Маша немедленно покраснела. Игорь неловко завозился на диване – переживал за подругу.
– Что вы, Виктор Арнольдович… какие шпаргалки… мы, советские студенты…
– А раз советские, так и отвечай – крест как оберег, когда в могильниках первомагов встречаться начинает?
– Культура боевых топоров, примерно две тысячи лет до нашей эры, в могилах как мужчин, так и женщин, которых хоронили, в отличие от других, лицом вверх и вытянувшимися во весь рост, стали обнаруживать каменные кресты, которые… – ощутив себя в привычной стихии, Маша понеслась во весь опор.
– Молодец, молодец, – Виктор Арнольдович довольно улыбнулся. – Видишь, сама все вспомнила.
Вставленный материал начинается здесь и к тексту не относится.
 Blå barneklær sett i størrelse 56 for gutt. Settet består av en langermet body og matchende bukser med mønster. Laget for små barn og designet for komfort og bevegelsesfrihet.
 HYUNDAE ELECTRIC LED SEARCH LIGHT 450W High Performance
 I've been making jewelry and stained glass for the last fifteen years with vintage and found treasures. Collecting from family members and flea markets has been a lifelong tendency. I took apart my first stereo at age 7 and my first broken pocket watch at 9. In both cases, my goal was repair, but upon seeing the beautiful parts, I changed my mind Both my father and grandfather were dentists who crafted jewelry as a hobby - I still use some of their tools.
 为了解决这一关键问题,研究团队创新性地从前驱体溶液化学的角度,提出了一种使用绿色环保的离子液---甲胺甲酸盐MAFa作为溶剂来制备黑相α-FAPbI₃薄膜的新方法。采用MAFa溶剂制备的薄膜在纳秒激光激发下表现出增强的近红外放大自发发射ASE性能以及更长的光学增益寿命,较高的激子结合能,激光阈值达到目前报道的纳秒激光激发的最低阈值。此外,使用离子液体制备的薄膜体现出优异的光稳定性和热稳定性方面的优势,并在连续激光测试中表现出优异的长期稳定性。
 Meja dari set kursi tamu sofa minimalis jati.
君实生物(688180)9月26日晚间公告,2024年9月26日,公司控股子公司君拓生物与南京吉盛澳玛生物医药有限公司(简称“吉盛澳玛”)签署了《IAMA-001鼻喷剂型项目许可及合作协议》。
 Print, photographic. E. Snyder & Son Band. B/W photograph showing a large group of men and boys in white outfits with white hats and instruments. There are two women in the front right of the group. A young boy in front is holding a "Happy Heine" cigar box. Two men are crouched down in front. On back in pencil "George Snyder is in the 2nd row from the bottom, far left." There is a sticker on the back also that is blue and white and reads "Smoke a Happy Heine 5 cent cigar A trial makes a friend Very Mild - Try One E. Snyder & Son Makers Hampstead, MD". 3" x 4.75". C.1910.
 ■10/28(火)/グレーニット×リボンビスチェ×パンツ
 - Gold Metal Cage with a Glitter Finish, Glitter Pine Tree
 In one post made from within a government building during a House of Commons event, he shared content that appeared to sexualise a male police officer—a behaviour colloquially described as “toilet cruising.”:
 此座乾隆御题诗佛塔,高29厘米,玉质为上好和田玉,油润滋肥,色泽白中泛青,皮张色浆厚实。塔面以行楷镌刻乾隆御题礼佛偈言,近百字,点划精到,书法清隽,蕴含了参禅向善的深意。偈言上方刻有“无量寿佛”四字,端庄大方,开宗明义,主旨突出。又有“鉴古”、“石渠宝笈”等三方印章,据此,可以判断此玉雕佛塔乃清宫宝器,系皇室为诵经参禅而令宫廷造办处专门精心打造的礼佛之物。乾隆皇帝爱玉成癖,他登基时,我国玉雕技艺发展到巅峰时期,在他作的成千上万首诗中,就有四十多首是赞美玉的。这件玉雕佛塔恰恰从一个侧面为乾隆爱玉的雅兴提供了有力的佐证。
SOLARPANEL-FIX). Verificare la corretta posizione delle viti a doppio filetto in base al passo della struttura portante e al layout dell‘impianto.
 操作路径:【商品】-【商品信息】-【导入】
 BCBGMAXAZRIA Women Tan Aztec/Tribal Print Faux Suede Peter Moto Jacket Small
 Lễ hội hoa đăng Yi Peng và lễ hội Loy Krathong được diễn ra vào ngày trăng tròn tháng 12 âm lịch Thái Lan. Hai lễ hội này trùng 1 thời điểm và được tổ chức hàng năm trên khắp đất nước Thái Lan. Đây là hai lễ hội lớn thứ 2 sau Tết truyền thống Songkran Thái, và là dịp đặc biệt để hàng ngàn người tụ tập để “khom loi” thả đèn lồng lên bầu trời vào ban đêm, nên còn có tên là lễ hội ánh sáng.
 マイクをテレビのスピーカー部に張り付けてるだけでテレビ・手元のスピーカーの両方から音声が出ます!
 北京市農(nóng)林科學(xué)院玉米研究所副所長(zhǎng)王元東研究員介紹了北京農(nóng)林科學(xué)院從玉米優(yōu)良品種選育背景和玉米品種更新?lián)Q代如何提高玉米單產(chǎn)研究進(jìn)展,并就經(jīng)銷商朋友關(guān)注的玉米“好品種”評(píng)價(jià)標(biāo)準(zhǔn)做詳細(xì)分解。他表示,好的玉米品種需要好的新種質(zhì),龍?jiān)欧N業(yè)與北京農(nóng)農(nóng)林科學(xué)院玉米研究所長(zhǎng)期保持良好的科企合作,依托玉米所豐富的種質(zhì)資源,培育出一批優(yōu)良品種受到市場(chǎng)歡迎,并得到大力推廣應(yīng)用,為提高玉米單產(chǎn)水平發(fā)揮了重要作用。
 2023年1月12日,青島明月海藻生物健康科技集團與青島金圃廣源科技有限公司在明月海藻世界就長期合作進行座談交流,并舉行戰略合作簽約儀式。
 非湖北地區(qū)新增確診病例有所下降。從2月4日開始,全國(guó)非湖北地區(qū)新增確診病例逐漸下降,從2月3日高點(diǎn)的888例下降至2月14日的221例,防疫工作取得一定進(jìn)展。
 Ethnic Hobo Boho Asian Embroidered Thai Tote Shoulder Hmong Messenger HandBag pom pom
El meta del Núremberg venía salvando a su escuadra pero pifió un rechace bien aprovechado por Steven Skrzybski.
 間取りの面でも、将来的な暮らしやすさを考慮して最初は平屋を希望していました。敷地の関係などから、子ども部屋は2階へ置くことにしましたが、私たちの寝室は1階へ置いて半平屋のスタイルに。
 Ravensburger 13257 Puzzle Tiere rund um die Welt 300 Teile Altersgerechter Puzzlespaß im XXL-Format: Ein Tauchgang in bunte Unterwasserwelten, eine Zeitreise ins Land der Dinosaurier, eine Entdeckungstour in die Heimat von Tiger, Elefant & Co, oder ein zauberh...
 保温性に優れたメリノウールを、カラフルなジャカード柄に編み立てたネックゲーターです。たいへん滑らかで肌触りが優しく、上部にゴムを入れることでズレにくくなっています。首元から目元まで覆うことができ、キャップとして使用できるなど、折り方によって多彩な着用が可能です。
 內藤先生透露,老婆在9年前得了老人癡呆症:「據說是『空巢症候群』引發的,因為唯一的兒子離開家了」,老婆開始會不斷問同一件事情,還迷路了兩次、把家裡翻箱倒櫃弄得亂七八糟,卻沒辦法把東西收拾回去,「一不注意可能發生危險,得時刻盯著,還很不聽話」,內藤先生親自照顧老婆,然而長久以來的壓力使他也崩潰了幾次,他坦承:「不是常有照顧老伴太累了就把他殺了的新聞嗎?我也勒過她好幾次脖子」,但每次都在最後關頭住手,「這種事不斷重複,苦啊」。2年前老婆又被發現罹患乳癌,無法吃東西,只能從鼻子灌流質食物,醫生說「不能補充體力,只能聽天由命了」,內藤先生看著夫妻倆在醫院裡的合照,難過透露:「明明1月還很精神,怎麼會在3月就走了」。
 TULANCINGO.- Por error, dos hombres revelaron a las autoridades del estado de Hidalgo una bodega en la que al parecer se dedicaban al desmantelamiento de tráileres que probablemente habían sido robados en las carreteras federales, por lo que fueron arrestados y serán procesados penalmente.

А ведь те первомаги, из примитивного общества, кое-что такое могли, что и мы нынешние предпринимаем только с великой осторожностью. Крест – это не только у православных или католиков. Сильный знак, древний. Ну-ка, аналогичная руна у скандинавов?..
Но молодого специалиста Марию Угарову, конечно же, так просто не поймаешь.
– Три крестообразных руны представляли собой совокупность…
Декан улыбнулся – как обычно, ласково и отечески.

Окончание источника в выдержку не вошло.